◆ Description of the task:
Copy out the full data exactly as given; pictures should not be included.

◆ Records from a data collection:
Start of Block
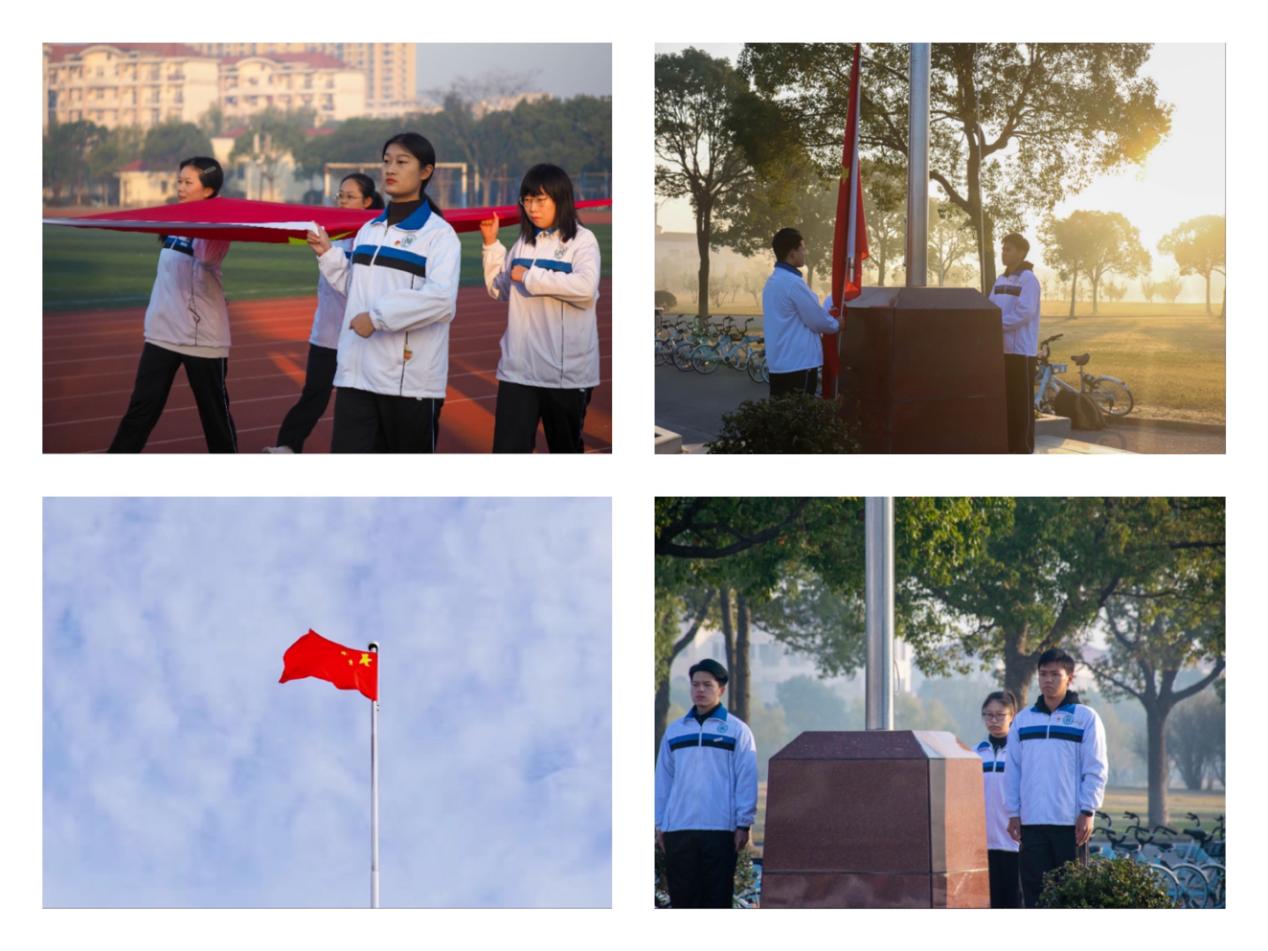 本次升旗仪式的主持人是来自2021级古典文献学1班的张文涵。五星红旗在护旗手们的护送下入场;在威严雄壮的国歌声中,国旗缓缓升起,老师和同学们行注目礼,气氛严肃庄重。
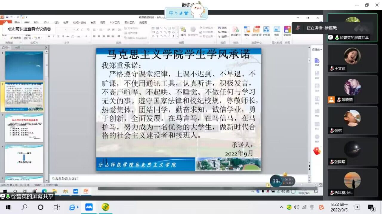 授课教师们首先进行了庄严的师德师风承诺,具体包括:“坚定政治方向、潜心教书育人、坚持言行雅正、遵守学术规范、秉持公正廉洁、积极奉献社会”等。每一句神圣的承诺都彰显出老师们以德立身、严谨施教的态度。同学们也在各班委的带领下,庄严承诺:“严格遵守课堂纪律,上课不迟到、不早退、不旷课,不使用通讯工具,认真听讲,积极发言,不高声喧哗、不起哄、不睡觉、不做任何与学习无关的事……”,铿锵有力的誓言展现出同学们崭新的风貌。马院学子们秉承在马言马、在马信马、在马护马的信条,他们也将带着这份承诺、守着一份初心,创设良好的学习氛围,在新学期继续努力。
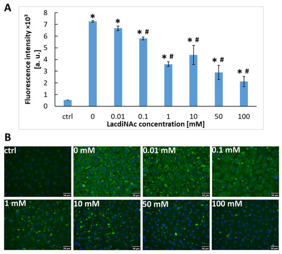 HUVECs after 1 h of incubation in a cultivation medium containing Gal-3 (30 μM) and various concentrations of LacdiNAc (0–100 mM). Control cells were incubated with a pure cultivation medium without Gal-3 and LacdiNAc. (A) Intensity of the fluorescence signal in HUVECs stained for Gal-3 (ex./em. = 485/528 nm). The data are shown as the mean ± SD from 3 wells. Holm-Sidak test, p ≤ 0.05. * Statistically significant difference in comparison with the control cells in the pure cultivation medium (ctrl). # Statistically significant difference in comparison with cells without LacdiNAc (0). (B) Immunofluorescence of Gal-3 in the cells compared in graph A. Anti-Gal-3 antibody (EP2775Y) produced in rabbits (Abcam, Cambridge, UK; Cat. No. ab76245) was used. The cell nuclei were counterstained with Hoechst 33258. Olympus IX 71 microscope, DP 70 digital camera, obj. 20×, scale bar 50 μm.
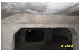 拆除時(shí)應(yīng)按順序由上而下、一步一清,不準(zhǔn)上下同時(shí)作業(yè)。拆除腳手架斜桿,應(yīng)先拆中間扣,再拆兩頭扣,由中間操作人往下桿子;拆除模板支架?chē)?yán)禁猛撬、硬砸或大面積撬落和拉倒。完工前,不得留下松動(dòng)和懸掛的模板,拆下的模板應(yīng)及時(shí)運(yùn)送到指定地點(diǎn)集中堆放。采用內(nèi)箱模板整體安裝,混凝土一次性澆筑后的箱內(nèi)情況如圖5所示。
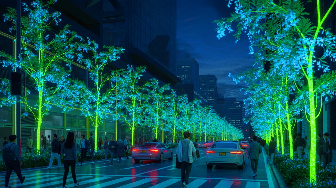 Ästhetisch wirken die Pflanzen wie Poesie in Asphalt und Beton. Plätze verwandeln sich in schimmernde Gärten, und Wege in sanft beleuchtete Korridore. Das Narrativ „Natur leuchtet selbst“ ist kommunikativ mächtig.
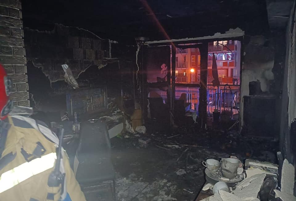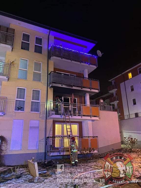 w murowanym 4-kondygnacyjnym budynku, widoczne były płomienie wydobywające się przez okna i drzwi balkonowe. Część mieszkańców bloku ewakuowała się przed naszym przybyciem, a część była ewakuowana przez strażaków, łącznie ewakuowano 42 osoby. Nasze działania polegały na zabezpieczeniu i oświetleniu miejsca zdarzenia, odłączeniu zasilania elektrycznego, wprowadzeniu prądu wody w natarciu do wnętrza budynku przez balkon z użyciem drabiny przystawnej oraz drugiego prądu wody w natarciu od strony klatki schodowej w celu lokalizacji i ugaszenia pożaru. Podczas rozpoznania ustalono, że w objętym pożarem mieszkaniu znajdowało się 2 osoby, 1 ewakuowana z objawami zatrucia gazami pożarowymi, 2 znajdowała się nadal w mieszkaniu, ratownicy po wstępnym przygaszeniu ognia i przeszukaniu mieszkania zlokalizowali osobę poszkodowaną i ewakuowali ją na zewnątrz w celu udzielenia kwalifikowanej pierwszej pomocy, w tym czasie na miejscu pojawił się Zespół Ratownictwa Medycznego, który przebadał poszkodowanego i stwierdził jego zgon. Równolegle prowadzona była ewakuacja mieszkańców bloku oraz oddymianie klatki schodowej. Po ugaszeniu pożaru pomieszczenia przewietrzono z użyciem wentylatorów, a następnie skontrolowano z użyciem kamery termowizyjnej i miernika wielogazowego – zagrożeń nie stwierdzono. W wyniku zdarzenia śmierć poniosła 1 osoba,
End of Block
◆ Written answer:
 本次升旗仪式的主持人是来自2021级古典文献学1班的张文涵。五星红旗在护旗手们的护送下入场;在威严雄壮的国歌声中,国旗缓缓升起,老师和同学们行注目礼,气氛严肃庄重。
 授课教师们首先进行了庄严的师德师风承诺,具体包括:“坚定政治方向、潜心教书育人、坚持言行雅正、遵守学术规范、秉持公正廉洁、积极奉献社会”等。每一句神圣的承诺都彰显出老师们以德立身、严谨施教的态度。同学们也在各班委的带领下,庄严承诺:“严格遵守课堂纪律,上课不迟到、不早退、不旷课,不使用通讯工具,认真听讲,积极发言,不高声喧哗、不起哄、不睡觉、不做任何与学习无关的事……”,铿锵有力的誓言展现出同学们崭新的风貌。马院学子们秉承在马言马、在马信马、在马护马的信条,他们也将带着这份承诺、守着一份初心,创设良好的学习氛围,在新学期继续努力。
 HUVECs after 1 h of incubation in a cultivation medium containing Gal-3 (30 μM) and various concentrations of LacdiNAc (0–100 mM). Control cells were incubated with a pure cultivation medium without Gal-3 and LacdiNAc. (A) Intensity of the fluorescence signal in HUVECs stained for Gal-3 (ex./em. = 485/528 nm). The data are shown as the mean ± SD from 3 wells. Holm-Sidak test, p ≤ 0.05. * Statistically significant difference in comparison with the control cells in the pure cultivation medium (ctrl). # Statistically significant difference in comparison with cells without LacdiNAc (0). (B) Immunofluorescence of Gal-3 in the cells compared in graph A. Anti-Gal-3 antibody (EP2775Y) produced in rabbits (Abcam, Cambridge, UK; Cat. No. ab76245) was used. The cell nuclei were counterstained with Hoechst 33258. Olympus IX 71 microscope, DP 70 digital camera, obj. 20×, scale bar 50 μm.
 拆除時(shí)應(yīng)按順序由上而下、一步一清,不準(zhǔn)上下同時(shí)作業(yè)。拆除腳手架斜桿,應(yīng)先拆中間扣,再拆兩頭扣,由中間操作人往下桿子;拆除模板支架?chē)?yán)禁猛撬、硬砸或大面積撬落和拉倒。完工前,不得留下松動(dòng)和懸掛的模板,拆下的模板應(yīng)及時(shí)運(yùn)送到指定地點(diǎn)集中堆放。采用內(nèi)箱模板整體安裝,混凝土一次性澆筑后的箱內(nèi)情況如圖5所示。
 Ästhetisch wirken die Pflanzen wie Poesie in Asphalt und Beton. Plätze verwandeln sich in schimmernde Gärten, und Wege in sanft beleuchtete Korridore. Das Narrativ „Natur leuchtet selbst“ ist kommunikativ mächtig.
 w murowanym 4-kondygnacyjnym budynku, widoczne były płomienie wydobywające się przez okna i drzwi balkonowe. Część mieszkańców bloku ewakuowała się przed naszym przybyciem, a część była ewakuowana przez strażaków, łącznie ewakuowano 42 osoby. Nasze działania polegały na zabezpieczeniu i oświetleniu miejsca zdarzenia, odłączeniu zasilania elektrycznego, wprowadzeniu prądu wody w natarciu do wnętrza budynku przez balkon z użyciem drabiny przystawnej oraz drugiego prądu wody w natarciu od strony klatki schodowej w celu lokalizacji i ugaszenia pożaru. Podczas rozpoznania ustalono, że w objętym pożarem mieszkaniu znajdowało się 2 osoby, 1 ewakuowana z objawami zatrucia gazami pożarowymi, 2 znajdowała się nadal w mieszkaniu, ratownicy po wstępnym przygaszeniu ognia i przeszukaniu mieszkania zlokalizowali osobę poszkodowaną i ewakuowali ją na zewnątrz w celu udzielenia kwalifikowanej pierwszej pomocy, w tym czasie na miejscu pojawił się Zespół Ratownictwa Medycznego, który przebadał poszkodowanego i stwierdził jego zgon. Równolegle prowadzona była ewakuacja mieszkańców bloku oraz oddymianie klatki schodowej. Po ugaszeniu pożaru pomieszczenia przewietrzono z użyciem wentylatorów, a następnie skontrolowano z użyciem kamery termowizyjnej i miernika wielogazowego – zagrożeń nie stwierdzono. W wyniku zdarzenia śmierć poniosła 1 osoba,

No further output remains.